Content starts
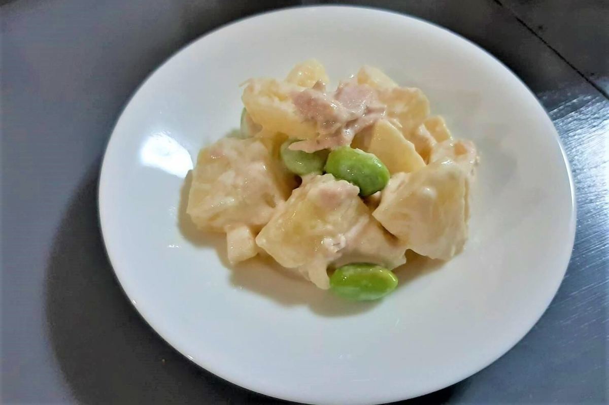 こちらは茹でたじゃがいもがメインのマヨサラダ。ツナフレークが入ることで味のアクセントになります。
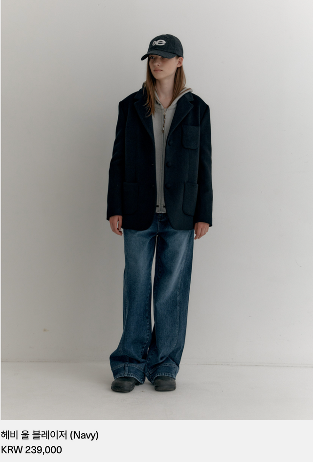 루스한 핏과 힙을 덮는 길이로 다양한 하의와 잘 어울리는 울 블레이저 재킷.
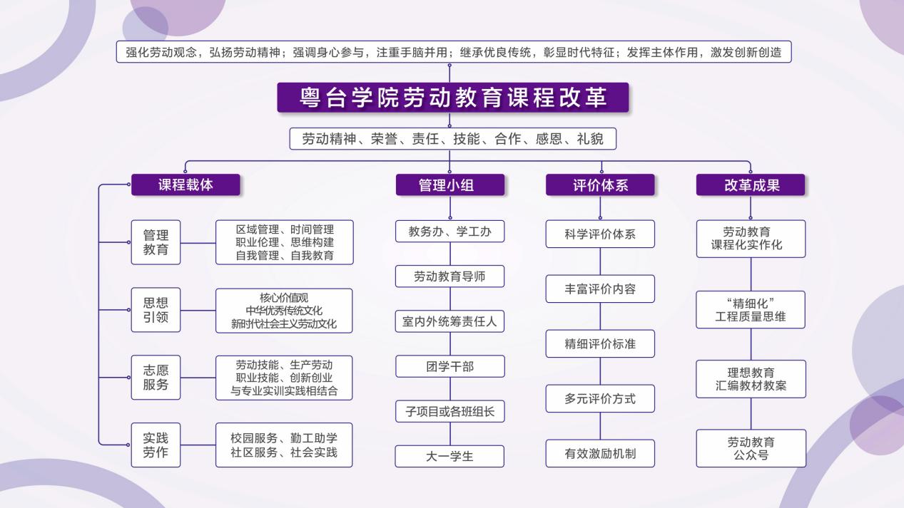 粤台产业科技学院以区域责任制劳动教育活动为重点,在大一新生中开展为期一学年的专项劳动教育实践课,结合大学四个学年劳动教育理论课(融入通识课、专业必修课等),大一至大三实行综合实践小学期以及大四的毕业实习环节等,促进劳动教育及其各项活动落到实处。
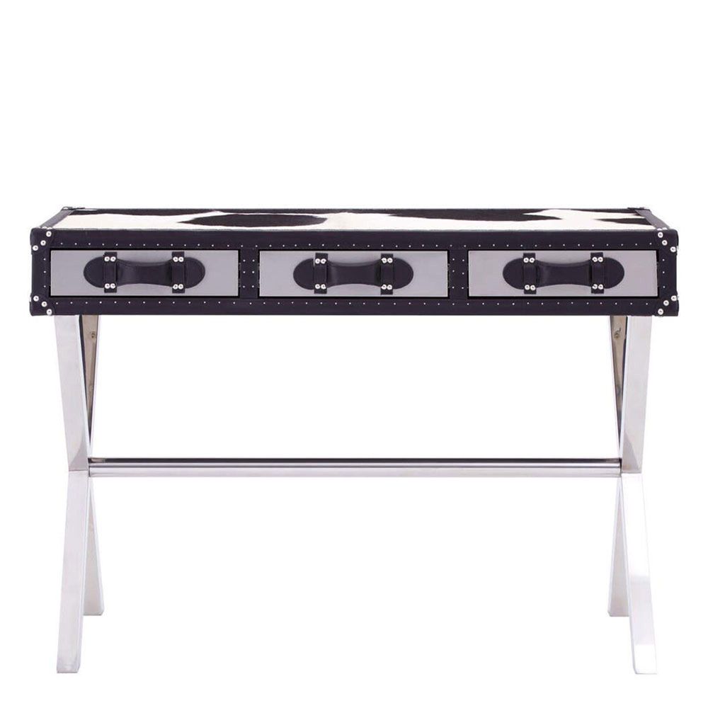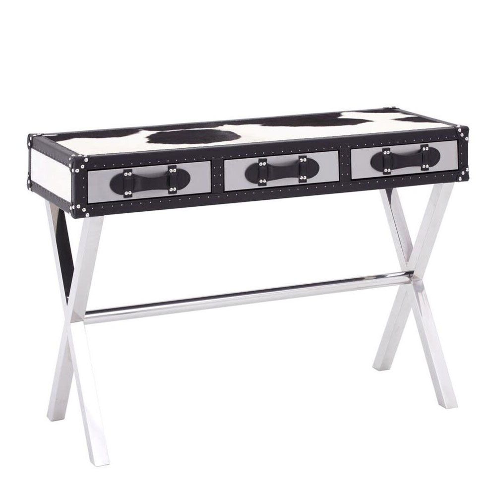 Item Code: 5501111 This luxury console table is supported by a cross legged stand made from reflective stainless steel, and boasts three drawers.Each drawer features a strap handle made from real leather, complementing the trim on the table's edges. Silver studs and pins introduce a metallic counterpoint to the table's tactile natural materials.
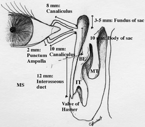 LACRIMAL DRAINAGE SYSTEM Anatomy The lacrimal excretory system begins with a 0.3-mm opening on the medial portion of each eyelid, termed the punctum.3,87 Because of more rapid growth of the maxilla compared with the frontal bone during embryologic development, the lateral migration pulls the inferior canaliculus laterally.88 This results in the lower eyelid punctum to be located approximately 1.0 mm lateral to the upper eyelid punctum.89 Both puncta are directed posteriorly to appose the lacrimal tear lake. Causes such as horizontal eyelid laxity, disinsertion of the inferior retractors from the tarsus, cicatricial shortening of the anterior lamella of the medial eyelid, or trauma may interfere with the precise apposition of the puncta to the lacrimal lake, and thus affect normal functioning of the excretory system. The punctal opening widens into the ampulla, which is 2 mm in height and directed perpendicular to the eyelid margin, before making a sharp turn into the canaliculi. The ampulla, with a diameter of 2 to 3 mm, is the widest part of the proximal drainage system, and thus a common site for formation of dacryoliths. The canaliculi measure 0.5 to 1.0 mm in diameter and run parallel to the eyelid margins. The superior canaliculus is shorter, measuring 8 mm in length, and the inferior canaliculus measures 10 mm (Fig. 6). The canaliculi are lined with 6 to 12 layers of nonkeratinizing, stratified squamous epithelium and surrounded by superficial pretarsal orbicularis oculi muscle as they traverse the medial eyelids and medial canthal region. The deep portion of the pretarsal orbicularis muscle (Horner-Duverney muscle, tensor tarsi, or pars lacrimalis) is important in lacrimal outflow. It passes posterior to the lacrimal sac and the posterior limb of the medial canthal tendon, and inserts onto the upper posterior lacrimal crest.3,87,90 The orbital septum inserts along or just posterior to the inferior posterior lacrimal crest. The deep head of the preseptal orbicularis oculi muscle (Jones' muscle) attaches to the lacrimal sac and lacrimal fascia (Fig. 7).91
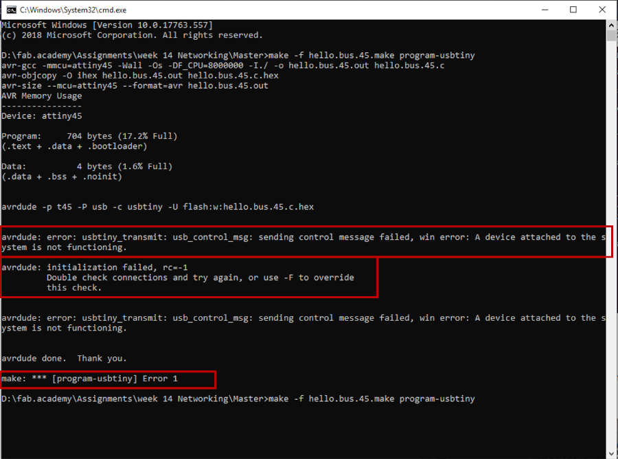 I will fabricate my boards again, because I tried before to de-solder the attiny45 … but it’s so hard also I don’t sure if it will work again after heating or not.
Content ends
(Exercise requirements): Although the records hold pictures, return only what remains, word for word.

(Solution for this problem):
 こちらは茹でたじゃがいもがメインのマヨサラダ。ツナフレークが入ることで味のアクセントになります。
 루스한 핏과 힙을 덮는 길이로 다양한 하의와 잘 어울리는 울 블레이저 재킷.
 粤台产业科技学院以区域责任制劳动教育活动为重点,在大一新生中开展为期一学年的专项劳动教育实践课,结合大学四个学年劳动教育理论课(融入通识课、专业必修课等),大一至大三实行综合实践小学期以及大四的毕业实习环节等,促进劳动教育及其各项活动落到实处。
 Item Code: 5501111 This luxury console table is supported by a cross legged stand made from reflective stainless steel, and boasts three drawers.Each drawer features a strap handle made from real leather, complementing the trim on the table's edges. Silver studs and pins introduce a metallic counterpoint to the table's tactile natural materials.
 LACRIMAL DRAINAGE SYSTEM Anatomy The lacrimal excretory system begins with a 0.3-mm opening on the medial portion of each eyelid, termed the punctum.3,87 Because of more rapid growth of the maxilla compared with the frontal bone during embryologic development, the lateral migration pulls the inferior canaliculus laterally.88 This results in the lower eyelid punctum to be located approximately 1.0 mm lateral to the upper eyelid punctum.89 Both puncta are directed posteriorly to appose the lacrimal tear lake. Causes such as horizontal eyelid laxity, disinsertion of the inferior retractors from the tarsus, cicatricial shortening of the anterior lamella of the medial eyelid, or trauma may interfere with the precise apposition of the puncta to the lacrimal lake, and thus affect normal functioning of the excretory system. The punctal opening widens into the ampulla, which is 2 mm in height and directed perpendicular to the eyelid margin, before making a sharp turn into the canaliculi. The ampulla, with a diameter of 2 to 3 mm, is the widest part of the proximal drainage system, and thus a common site for formation of dacryoliths. The canaliculi measure 0.5 to 1.0 mm in diameter and run parallel to the eyelid margins. The superior canaliculus is shorter, measuring 8 mm in length, and the inferior canaliculus measures 10 mm (Fig. 6). The canaliculi are lined with 6 to 12 layers of nonkeratinizing, stratified squamous epithelium and surrounded by superficial pretarsal orbicularis oculi muscle as they traverse the medial eyelids and medial canthal region. The deep portion of the pretarsal orbicularis muscle (Horner-Duverney muscle, tensor tarsi, or pars lacrimalis) is important in lacrimal outflow. It passes posterior to the lacrimal sac and the posterior limb of the medial canthal tendon, and inserts onto the upper posterior lacrimal crest.3,87,90 The orbital septum inserts along or just posterior to the inferior posterior lacrimal crest. The deep head of the preseptal orbicularis oculi muscle (Jones' muscle) attaches to the lacrimal sac and lacrimal fascia (Fig. 7).91
 I will fabricate my boards again, because I tried before to de-solder the attiny45 … but it’s so hard also I don’t sure if it will work again after heating or not.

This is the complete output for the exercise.